Friday, 18 November 2016

Introduction

When looking through the history of Doctor Who, the overriding sense I get is one of unlikeliness. While most popular television shows have a single person standing as their chief creator, by contrast Doctor Who seems somehow congealed, arising from a series of fortunate decisions from a string of separate people. The Daleks, the ethereal theme music, the idea of a time machine hidden inside a police box— all of these were probably essential to the show’s success, but all arose independently, through exactly the right people having exactly the right ideas.

Even so, Aidan Turner’s three-season run on the show strikes me as particularly improbable. The story is well-known, but bears repeating: late in December 2010, Doctor Who’s then producer Steven Moffat disappeared. While it’s not the place of this blog to speculate on what happened to him – there are many other places on the Internet which will do just that – it’s worth highlighting that even six years on, no evidence around where he might have gone has ever been found. There’s no obvious reason why a man who, by all accounts, had recently achieved his childhood dream would choose to disappear, and while he certainly had his enemies  – like anyone attached to Who in a major capacity does – none seem the type to have consciously engineered his disappearance.

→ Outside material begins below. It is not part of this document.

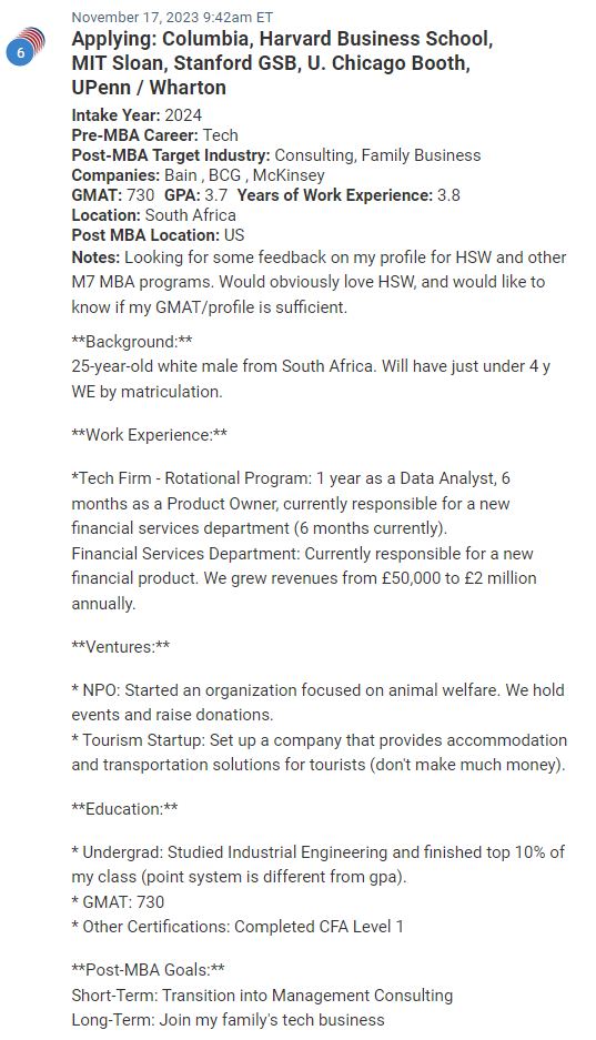 This week’s first MBA admissions candidate is from South Africa, and has a good combination of a strong GPA and 730 GMAT. Their work experience, via a rotational program in tech, looks very decent. They are also quite involved in activities outside of work. They are targeting the very elite M7 programs, but we do think they have a strong overall profile.

Regardless, disappear he did, and Moffat’s absence was to plunge Doctor Who into chaos. While production on the show’s sixth series was well on the way, the absent producer had left little information on where the show might be going next. While some of Moffat's unused ideas have since come to light – his notes have hinted at concepts such as a spaceship stuffed with dinosaurs, and a planet full of Daleks gone insane – his disappearance meant that none of them would ultimately come to fruition. Indeed, the plotline raised in series 6 about a question that should never be answered went unresolved throughout Matt Smith’s tenure, only being alluded to again in his very last episode.
The second half of Smith’s tenure remains something of a sore spot with fans. Following Moffat's last episode, The Wedding of River Song, Doctor Who went through a phase of having no real executive producer, which lead to a succession of disjointed episodes that had very little to do with each other. Particularly painful was the damp squib of Who’s 50th Anniversary in 2013, where a special episode where Smith’s Doctor met his childhood self was watched by fewer than 6 million viewers.

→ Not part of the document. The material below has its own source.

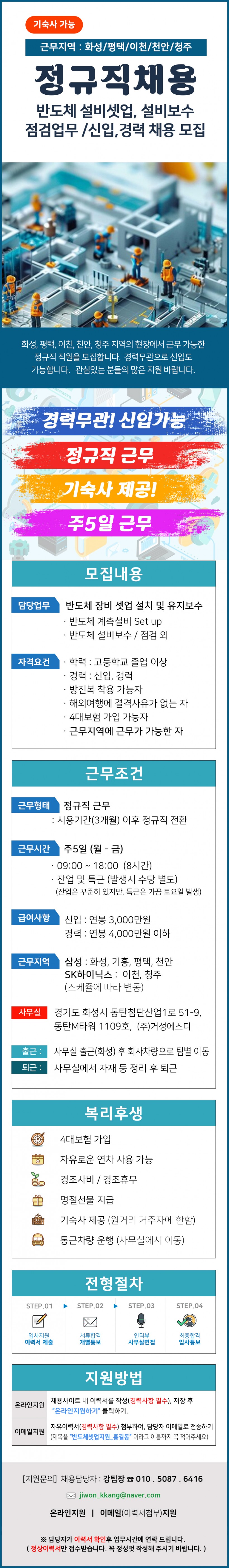 반도체셋업 및 설비보수 정규직모집 2025.03.12 수정 이전글 다음글 목록 본문 반도체셋업 및 설비보수 정규직모집 2025.03.12 수정 댓글목록 등록된 댓글이 없습니다. 이전글 다음글 목록

By that point, of course, the controversial appointment of Moffat’s successor had already been announced to the public. While the previous producers of post-2005 Who had been veterans with decades of experience working in television, the BBC appointed the unknown Ben Issacs to oversee 2014’s season. Issacs’  notoriety is now such that it’s easy to forget how few people had heard of him in 2013, and the extent to which his appointment was treated with dismay. His only real TV experience was as the writer-producer of Worlds Apart, a niche BBC Three drama about a man who traveled through several parallel universes. Most industry observers concluded – correctly, as we now know – that Issacs’ appointment was a desperate last throw of the dice on the part of the BBC, as a means of avoiding having to cancel the show in the year of its 50th Anniversary. As had happened so often in the history of Doctor Who, a radical solution to a problem turned out to have extremely far-reaching consequences.

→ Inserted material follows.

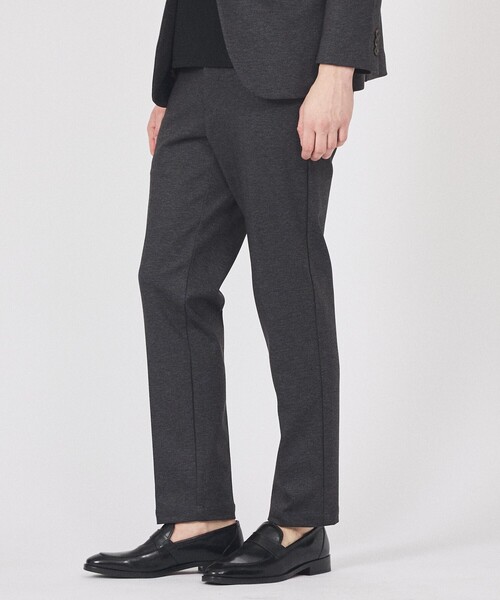 上質素材で格上げしたポンチスラックス【素材】ポリエステル・レーヨン・ポリウレタン混紡のプレミアムポンチ素材を使用。布帛のような構築的な表情としなやかな光沢、程よいストレッチを併せ持ち、シワになりにくくケア性も良好です。着用時のドレープとフィット感で上質さを実感できます。【デザイン】ウール調バーズアイ(チャコールグレー/ネイビー)とウインドペン(ブラウン)をプリントで表現したスタイリッシュなテーパードスラックスです。過度な装飾を排し、素材の伸縮性を活かしたパターンで美しい脚長シルエットを実現。ウエストは伸縮性の高いゴム仕様で、イージーな着脱感と優れたフィット感を両立します。【コーディネート】同素材ジャケットとのセットアップで統一感ある格上げスタイルがおすすめです。シャツやローファーでフォーマルに、ニットやスニーカーで休日のカジュアルダウンにも対応します。同素材ジャケット品番:71519382001**********************透け感:なし裏地:なし伸縮性:あり光沢感:なし生地の厚さ:普通クリーニング方法:手洗い可**********************

What's still an open question, though, is whether appointing Ben Issacs was actually a good idea. It's certainly true that under his management the Doctor would travel to far darker places than would previously have been allowed, and that parental outrage at some of its most controversial moments might have done the BBC no favours in terms of its popularity. Yet it's notable that Issacs’ vision energised younger viewers in a way that previous producers couldn't match. The younger generations, Issacs argued, know that the world is a dark place. What would the point of fantasy be if it couldn't even acknowledge that? For my part, I mostly agree with him. While Issacs has his quirks – not least his insistent focus on the dangers of fascism in an age where it barely even exists upon the fringes – his willingness to put difficult and disturbing messages at the heart of a family show is something I have much respect for. GK Chesterton said that children enjoy fairytales not because they say dragons are real, but because they say the dragons can be beaten. Issacs, whatever else he is, is a firm believer in our age’s dragons— and for that reason, if nothing else, I'm glad he had ownership of Britain’s most persistent of fairytales.